Note: This is not implemented at the moment.

For each exported TLS variable the compiler should generate a function that returns the address of the TLS variable in the current thread. These internal methods should have some kind of unified prefix to mark them as TLS import helpers. I propose "__tlsstub_". These internal methods are also exported. So when accessing an exported TLS variable the compiler will insert a call to '_imp__D1a15__tlsstub_g_tlsFZPi' instead. As an optimization accesses to exported TLS variables within the same module can be performed directly.

module a;

export int g_tls = 5; // thread local storage

export int* __tlsstub__g_tls() // generated by the compiler
{
    return &g_tls;
}
alias _imp___tlsstub__g_tls = __tlsstub__g_tls; // also generated by the compiler

void func()
{
    g_tls = 3; // direct access because marked as export and in the same module
}


module b;
import a;

void bar()
{
    g_tls = 10; // access through _imp___tlsstub__g_tls function because marked as export and in a different module
    // *_imp___tlsstub__g_tls() = 10; // code generated by the compiler
}

*nix

Note: This is not yet implemented.

On *nix systems the default symbols visibility should be changed to hidden, i.e. -fvisibility=hidden argument of gcc. Only symbols marked with export should get the attribute visible.

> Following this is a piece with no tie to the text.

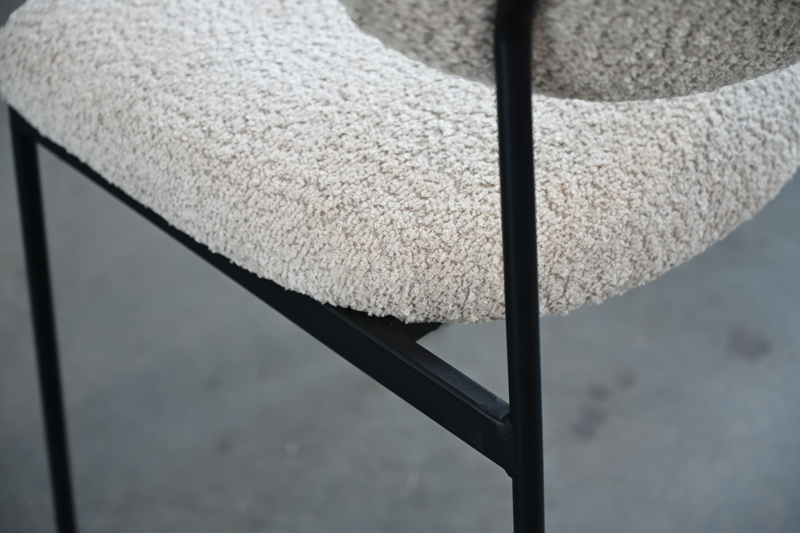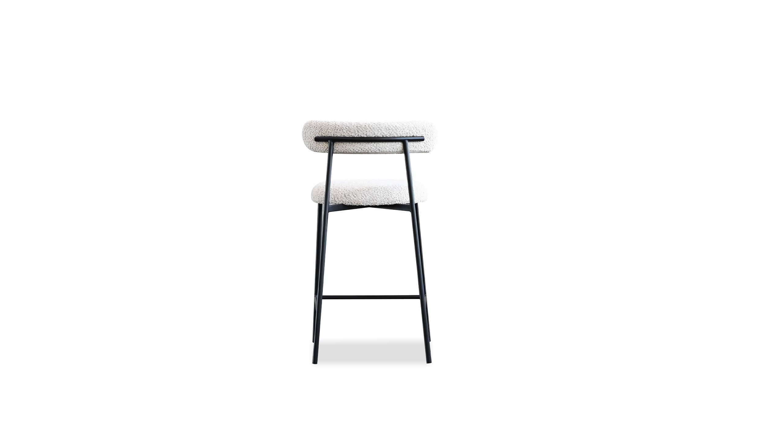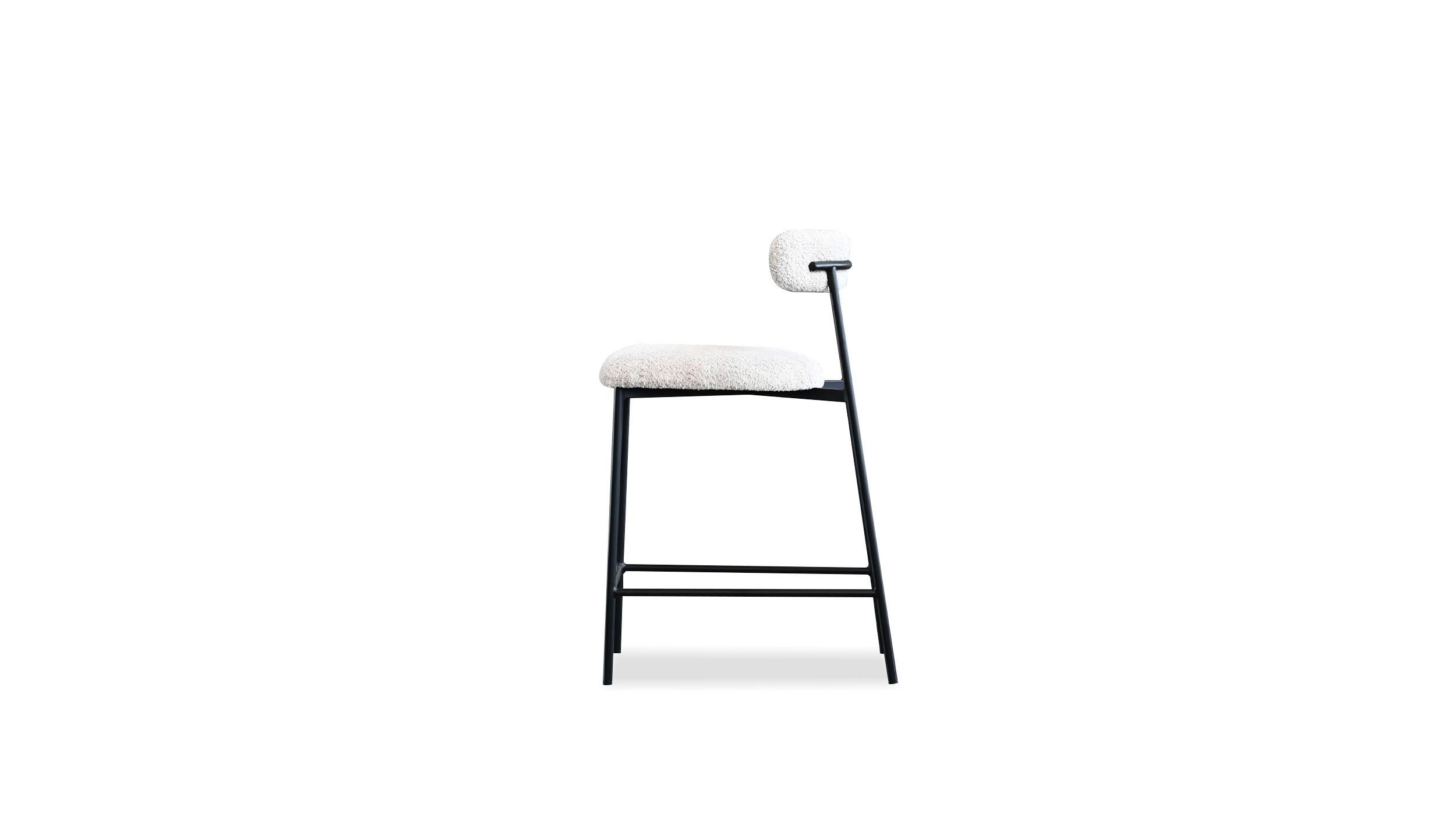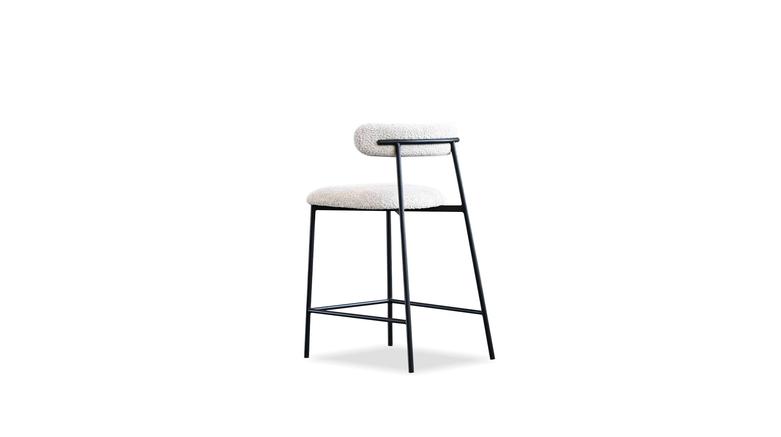 The CLEO Counter Stool provides stylish and comfortable seating. Its sleek black metal frame and beige fabric upholstery make it a versatile addition to any space.

This is trivial to implement on GDC and LDC.

Linking archives into shared libraries

When linking archives into shared libraries the exported symbols from the archive will also be exported from the resulting shared library. Most often this is unwanted and may lead to inadvertent ABI dependencies. To accomplish this we'll provide a tool that strips export attributes from archives.

Copyright

This document has been placed in the Public Domain.